Using Que instead of Sidekiq

#ruby #rails

A project I've had on the back burner for quite awhile is my own little marketing automation tool.
Not that existing tools like Drip or ConvertKit aren't adequate, of course.
They do the job and do it well.

I enjoy owning my own infrastructure, however, and after Drip changed direction and raised prices I found myself without a home for my mailing list.
I thought, why not now?

One vital component of any broadcast email system is fanout, where you merge the message you want to send with the list of people that should receive it.
The easiest way to fanout is to just loop over the list of recipients and enqueue a job for each:

Contact.not_opted_out.each do |contact|
  BroadcastMessageDeliver.perform_async(contact.id, the_message.id)
end

This is simple and works great. However, it's not super efficient. We can do better.

If we're using Sidekiq we can use push_bulk:

Contact.not_opted_out.find_in_batches do |batch|
  Sidekiq::Client.push_bulk(
    class: 'BroadcastMessageDeliver', 
    args: batch.map { |c| [c.id, the_message.id] }
  )
end

The find_in_batches call is a built-in ActiveRecord method that will give you all of the records in the scope in batches, which is just an array of ActiveRecord objects.
Sidekiq::Client.push_bulk eliminates the vast majority of Redis round trips that the naive version does because it pushes the whole batch in one Redis call.
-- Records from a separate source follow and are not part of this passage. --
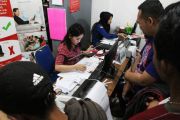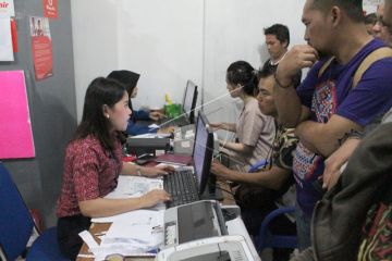 Petugas mengurus penjadwalan ulang jam penerbangan penumpang di counter maskapai Lion Air di Bandara Supadio, Kabupaten Kubu Raya, Kalbar, Sabtu (16/2/2019). Sebanyak delapan maskapai yaitu Lion Air, Garuda Indonesia, Air Asia, Sriwijaya, Citilink, Express Air, Nam Air dan Wings Air membatalkan 10 keberangkatan dan 9 kedatangan pesawat menyusul terjadinya kecelakaan pesawat Lion Air di landasan Bandara Supadio. (ANTARA FOTO/Jessica Helena Wuysang/ama).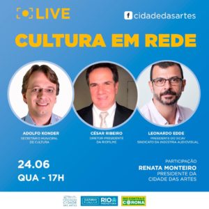 Nesta quarta-feira, o presidente da RioFilme, Cesar Miranda Ribeiro, conversa com o Secretário Municipal de Cultura, Adolfo Konder, e o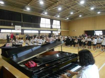 民族クラブ校内発表会で3択クイズ、「モリオッケ」の歌を歌っている様子です。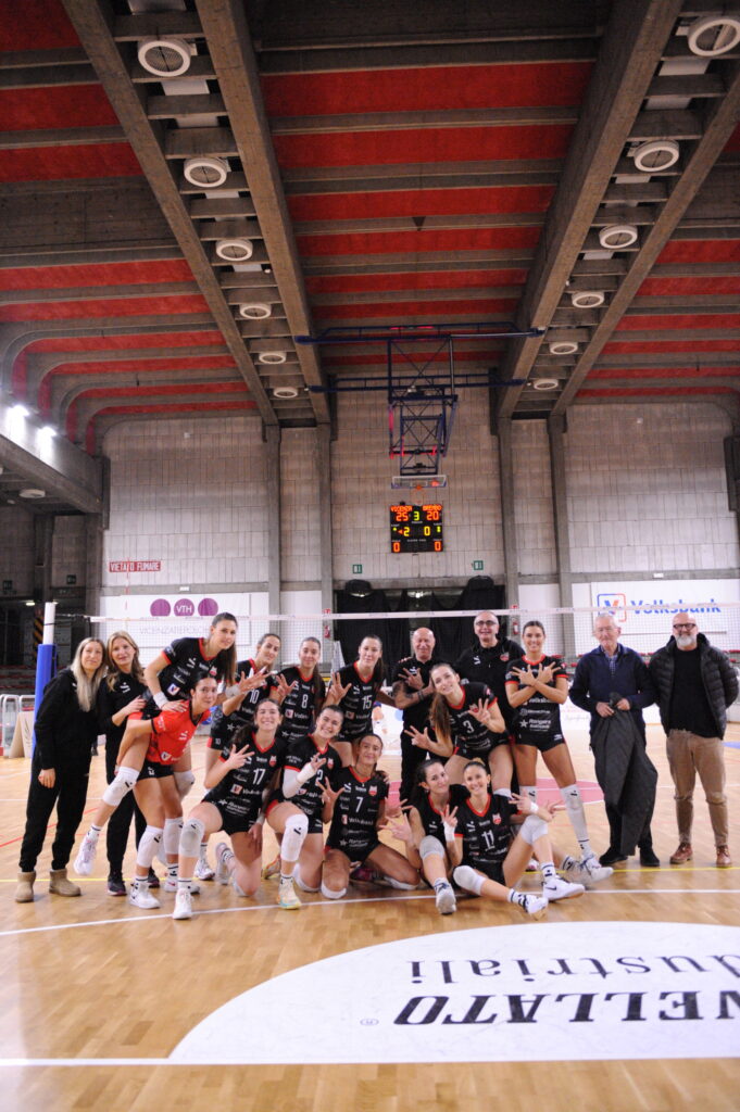 La Volksbank Vicenza Volley si regala un dolce Natale con il 3-0 casalingo di ieri in B1 femminile contro il Brembo Volley Team, con le beriche che festeggiano il secondo successo consecutivo chiudendo così il 2025 con il sorriso. Dopo il 3-2 del sabato precedente sul campo del Don Colleoni, altro avversario bergamasco, la squadra di Mariella Cavallaro e Pierantonio Cappellari si è confermata tra le mura amiche, dove in questa prima parte di stagione ha fatto vedere le cose migliori. Una bella prova corale, quella di Vicenza, certificata anche da quattro attaccanti su cinque in doppia cifra e con tabellini equilibrati, merito anche della regista Natasha Spinello.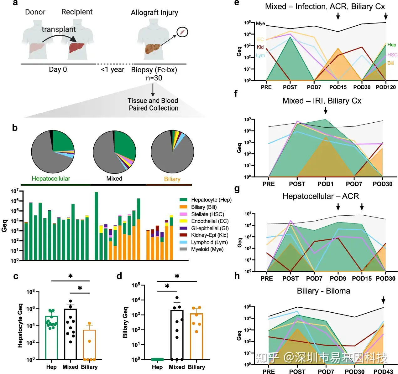 - 在有胆管或混合肝胆损伤的血清样本中,与单纯的肝细胞损伤相比,胆管cfDNA水平。(b–d 血清样本被分类为n=14份肝细胞损伤,n=10份混合肝胆损伤,n=6份胆管损伤的移植物损伤病因)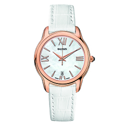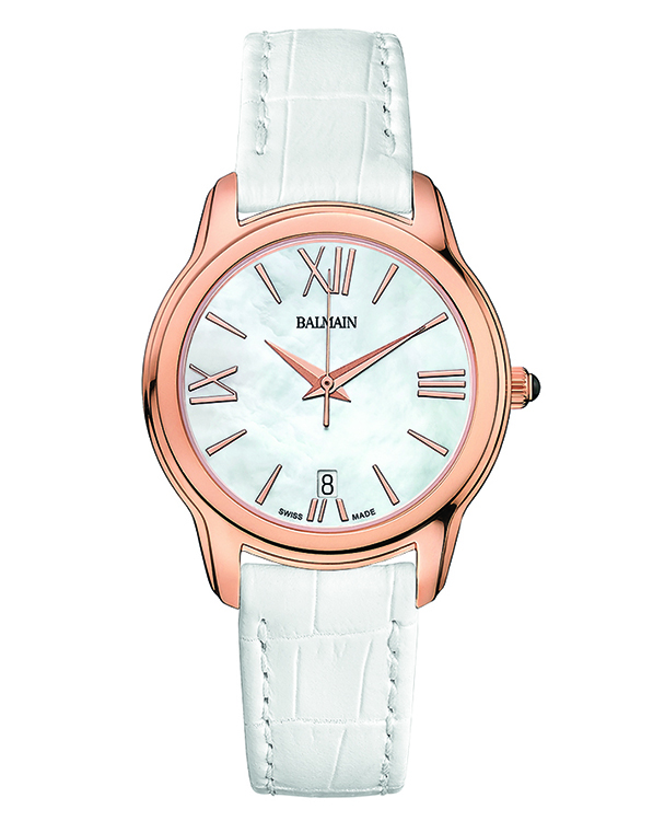 | 14. Модель «Miss Balmain Dream» B1899.22.82 Стальной корпус с безелем, имеющим PVD-покрытие красным золотом; белый перламутровый циферблат с римскими цифрами (III, VI, IX, XII), условными индексами, центральными гранёными стрелками часов и минут, центральной секундной стрелкой – с PVD-покрытием красным золотом; белый кожаный ремешок. |

We can still do better, though. Instead of using Sidekiq we can use Que.
Que is a background processing system like Sidekiq that keeps jobs in a PostgreSQL table instead of in a Redis list.
It uses PostgreSQL's native listen/notify system to make job starts basically instantenous, rather than polling like what DelayedJob does.

Using the database as the queue has a number of advantages over systems that use two data stores. In particular, ACID guarantees and atomic backups are important to me because I'm running this all myself. The fewer moving parts the better.

The other thing you can do is insert directly into the que_jobs table:

ActiveRecord::Base.connection.execute(%Q{
  INSERT INTO que_jobs (job_class, args)
  SELECT
    'BroadcastMessageDeliver' as job_class,
    jsonb_build_array(#{the_message.id}, x.id) as args
  FROM
    (#{Contact.not_opted_out.select(:id).to_sql}) x
})

The que_jobs table is just a database table, which means you can insert into it however you want.
For example, Que::Job.enqueue just creates a record and saves it, it doesn't use any ActiveRecord hooks at all.

We can eliminate almost every round trip and application-level loop by letting the database do all the work.

Benchmarks (local Redis and local PostgreSQL, 5000 records):

Sidekiq loop: 1.9 seconds
Sidekiq batches: 0.3 seconds
Que direct insert: 0.7 seconds

Wait... that's... slower?

I'm as surprised as you are, but there turns out to be a pretty good reason.
Que performs a bunch of check constrants on the incoming data to make sure it's coherent and ready to run. Here's all the things it checks:

Check constraints:
    "error_length"
    "job_class_length"
    "queue_length"
    "valid_args"
    "valid_data"

valid_data in particular does a handful of expensive-ish operations on the incoming json data.

So I guess the lesson here is to always validate your assumptions.
I assumed that eliminating round trips would make things faster but because of other constraints and validations it's actually slower.

Still, it's considerably faster than the naive version (which is still no slouch, let's be honest), my marketing system gets all those in-database queue benefits, and I find it aesthetically pleasing. I think I'll keep it.

Top comments (2)

Scott Watermasysk • Mar 14 '19

I keep meaning to write up something about find_in_batches for this type of scenario.

I have tested quite a few things in this area, and the one which seems to work best is adding a select and pluck:

Contact.not_opted_out.select(:id).find_in_batches do |batch|
# call Sidekiq with batch.pluck(:id)
end

This lets you fully leverage ActiveRecord, but minimize an model creation/etc.

Pete Keen • Mar 14 '19

Ah, good point! We actually use pluck in a piece of code very similar to this at work. Select and pluck seem like a powerful combo for this kind of thing. If I have time later I’ll add a benchmark for that.